**Required action**
Retype the data below exactly; skip every image.

**Input data**

---

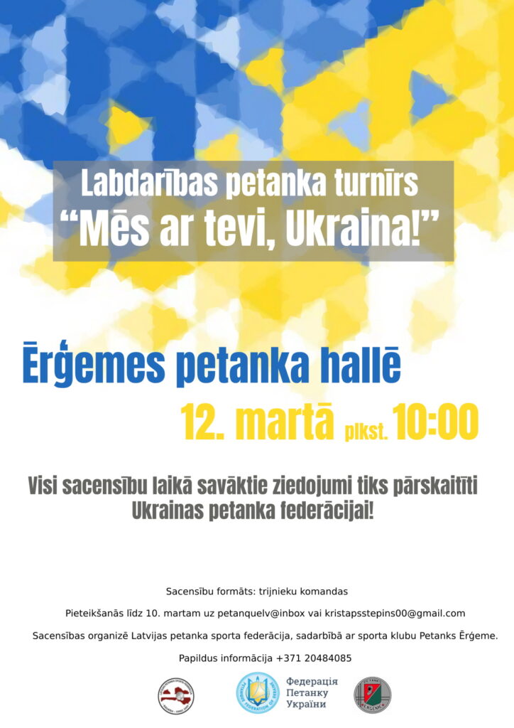 Latvijas petanka sporta federācija, sadarbībā ar sporta klubu “Petanks Ērģeme”, 12. martā plkst. 10:00 petanka sporta centrā Ērģemē organizē labdarības petanka turnīru “Mēs ar tevi, Ukraina!” Sacensību laikā tiks vākti ziedojumi, kas pēc tam tiks pārskaitīti Ukrainas petnaka federācijai.
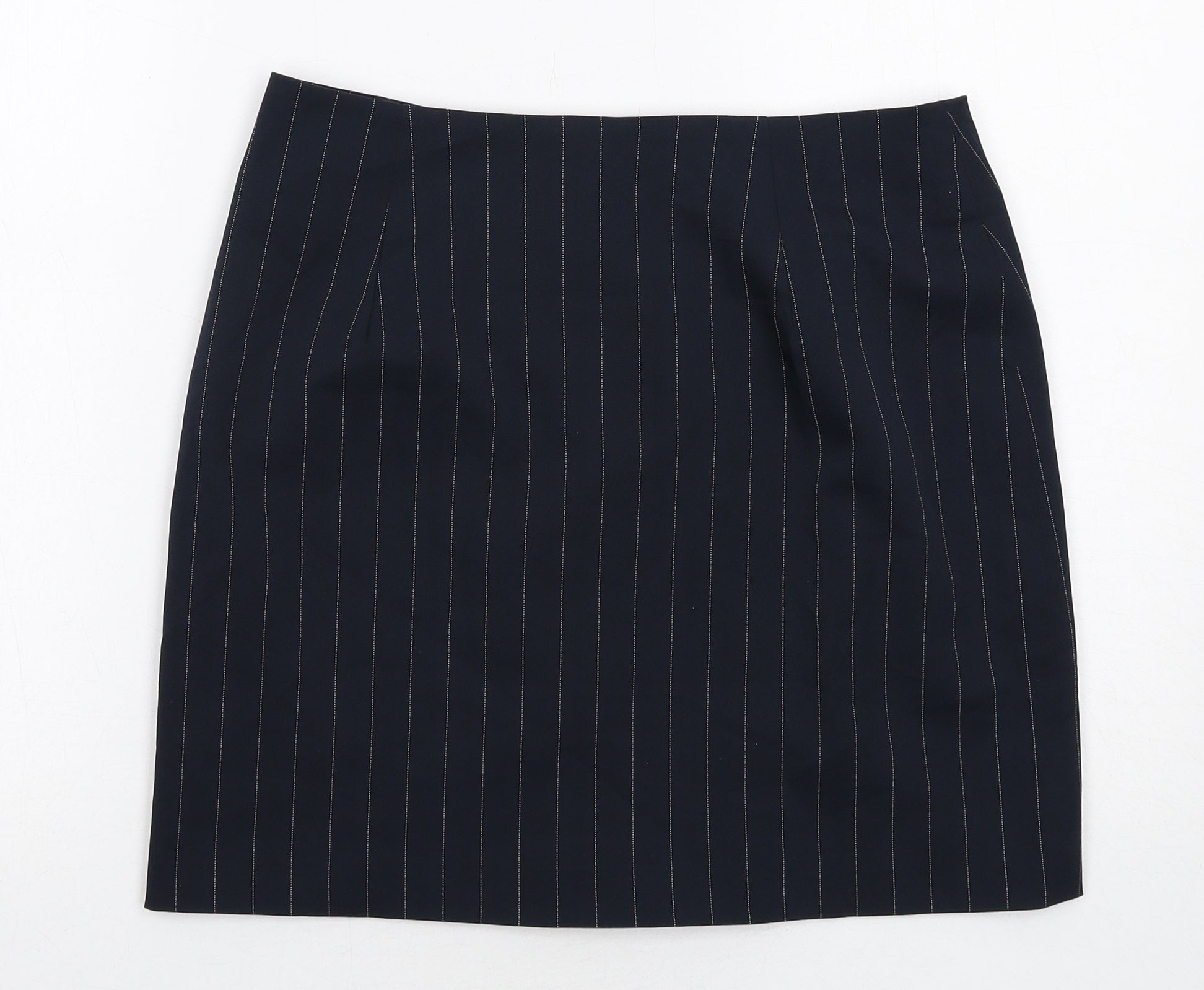 COLLUSION Womens Blue Striped Polyester A-Line Skirt Size 12 Button
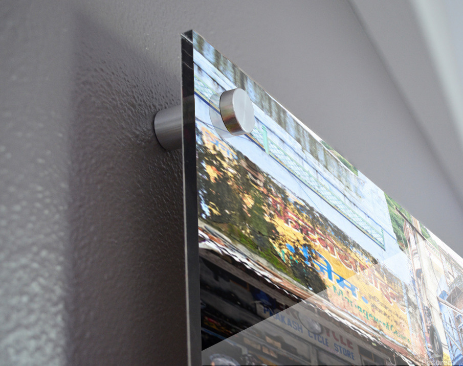 Printed to the edge - Ready to hang - provided with 4 premium polished aluminum stand off ( wall screws and mounting hardware provided )
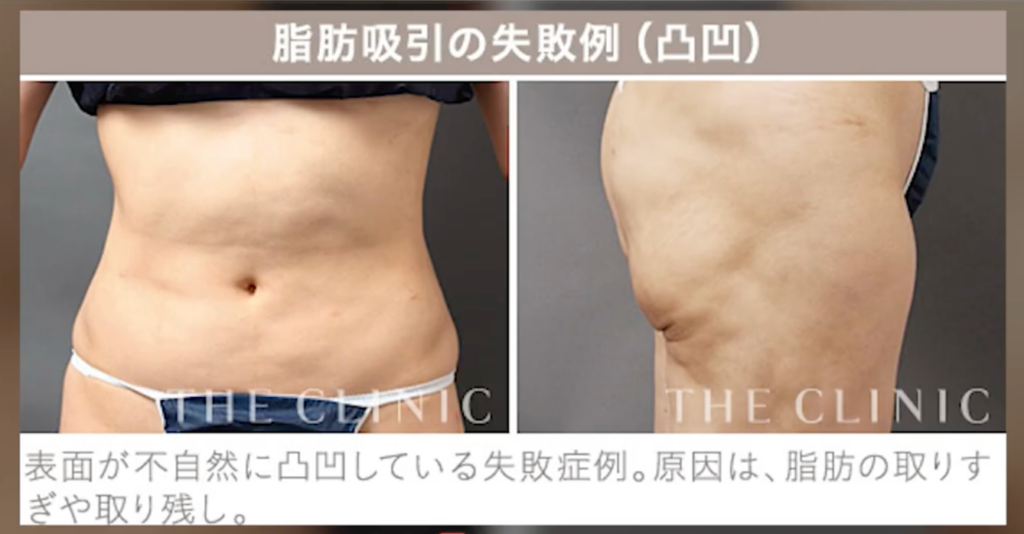脂肪を取ることで「皮膚のたるみ」というリスクが伴うことです。脂肪を取りすぎるとたるみが起きるため、注意が必要です。実際に脂肪の取りすぎや取り残しによる失敗も起きています。取り残しは皮膚の凸凹につながりますし、取りすぎて脂肪を0にしてしまうと皮膚が壊れ、柔らかさが失われてしまいます。

---

**Finished task**
 Latvijas petanka sporta federācija, sadarbībā ar sporta klubu “Petanks Ērģeme”, 12. martā plkst. 10:00 petanka sporta centrā Ērģemē organizē labdarības petanka turnīru “Mēs ar tevi, Ukraina!” Sacensību laikā tiks vākti ziedojumi, kas pēc tam tiks pārskaitīti Ukrainas petnaka federācijai.
 COLLUSION Womens Blue Striped Polyester A-Line Skirt Size 12 Button
 Printed to the edge - Ready to hang - provided with 4 premium polished aluminum stand off ( wall screws and mounting hardware provided )
脂肪を取ることで「皮膚のたるみ」というリスクが伴うことです。脂肪を取りすぎるとたるみが起きるため、注意が必要です。実際に脂肪の取りすぎや取り残しによる失敗も起きています。取り残しは皮膚の凸凹につながりますし、取りすぎて脂肪を0にしてしまうと皮膚が壊れ、柔らかさが失われてしまいます。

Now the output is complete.